I silenti urlano e non solo loro

Se uno va sul sito dell’Inps, trova ogni tipo di informazione riguardante la pensione: pensione di vecchiaia, di anzianità, di invalidità, pensione ai superstiti, indennizzi per cessazione attività commerciale, pensione di inabilità, pensioni supplementari, assegni sociali, fondo casalinghe, pensione sociale, invalidi civili, ecc. ecc. così come i contributi previdenziali che danno luogo a quelle pensioni: contributi accreditati, contributi figurativi, contributi da riscatto … però se mette le due paroline “contributi silenti” … niente, nada de nada, silente è pure la risposta del server. Queste due paroline non sono state inventate dai Radicali; già nel 1997 il “Corriere della Sera” pubblicò un articolo di Ivo Caizzi intitolato L’urlo dei silenti riferendosi a quelle persone che avevano pagato contributi senza raggiungere il periodo minimo per far maturare la pensione e quindi l’articolo denunciava che tali contribuenti venivano penalizzati in quanto i loro contributi finivano per affogare nel sistema previdenziale pubblico, alimentando le pensioni di chi, invece, il diritto l’aveva acquisito. L’articolo denunciava che il nostro welfare era (ed è) una sorta di Robin Hood alla rovescia, che toglie ai poveri per dare ai ricchi.
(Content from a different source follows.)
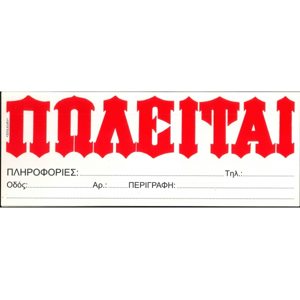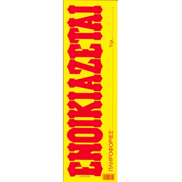 Αυτοκόλλητο ΕΝΟΙΚΙΑΖΕΤΑΙ 10χ35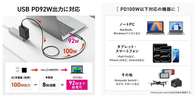 USB PD最大92Wの出力で接続機器を急速充電。スマートフォンやタブレットなどを充電しながら、ハブで他のデバイスを使用できます。もうバッテリー残量を気にすることなく、快適に作業に集中できる。

L’articolo, infine, utilizzava una definizione alquanto ambigua del grande esperto di assicurazioni sociali, il compianto prof. M. A. Coppini che definiva tecnicamente silente “tutti gli assicurati che da almeno un anno non versano contributi e non si sa se continueranno a versarli”. Dico ambigua in quanto la definizione è tecnicamente corretta però può portare a considerazioni fuorvianti giacché sono moltissime le cause per le quali uno potrebbe non versare contributi e in effetti a detta del professore, nel 1995 i contributi erano oltre 11 milioni sul totale dei 20 milioni dei contribuenti del sistema Inps. Chiaramente, messa così viene da saltare sulla sedia. Il fatto è che moltissimi sono momentaneamente “silenti”, vale a dire tutti quelli che, pur contribuendo, non hanno ancora maturato la pensione. Tutti passiamo per un periodo nel quale siamo “silenti”, però è anche vero che sono pochi quelli che alla fine sono destinati a perdere completamente i loro versamenti.

E’ vero che nella giungla previdenziale italiana, colma e straripante di leggi, leggine, riforme, privilegi corporativi, non e’ facile definire quando il silente perde tutto. Nel vecchio sistema previdenziale retributivo (perché basato sulla media delle ultime retribuzioni), non aveva diritto alla pensione chi non aveva pagato almeno 15 anni di contributi (ora aumentati a 20 anni). Poi, la riforma Dini introdusse, per una parte dei contribuenti e per i nuovi, il sistema contributivo, basato sul principio di restituire quanto fosse stato effettivamente versato (naturalmente rivalutato). Per pensionarsi a 57 anni bastano infatti almeno cinque anni di contributi, ma solo se consentono una rendita pari a 1,2 volte l’assegno sociale. Quindi, solo chi ha effettuato ingenti contribuzioni potrebbe in teoria con pochi anni di versamenti, ottenere la pensione.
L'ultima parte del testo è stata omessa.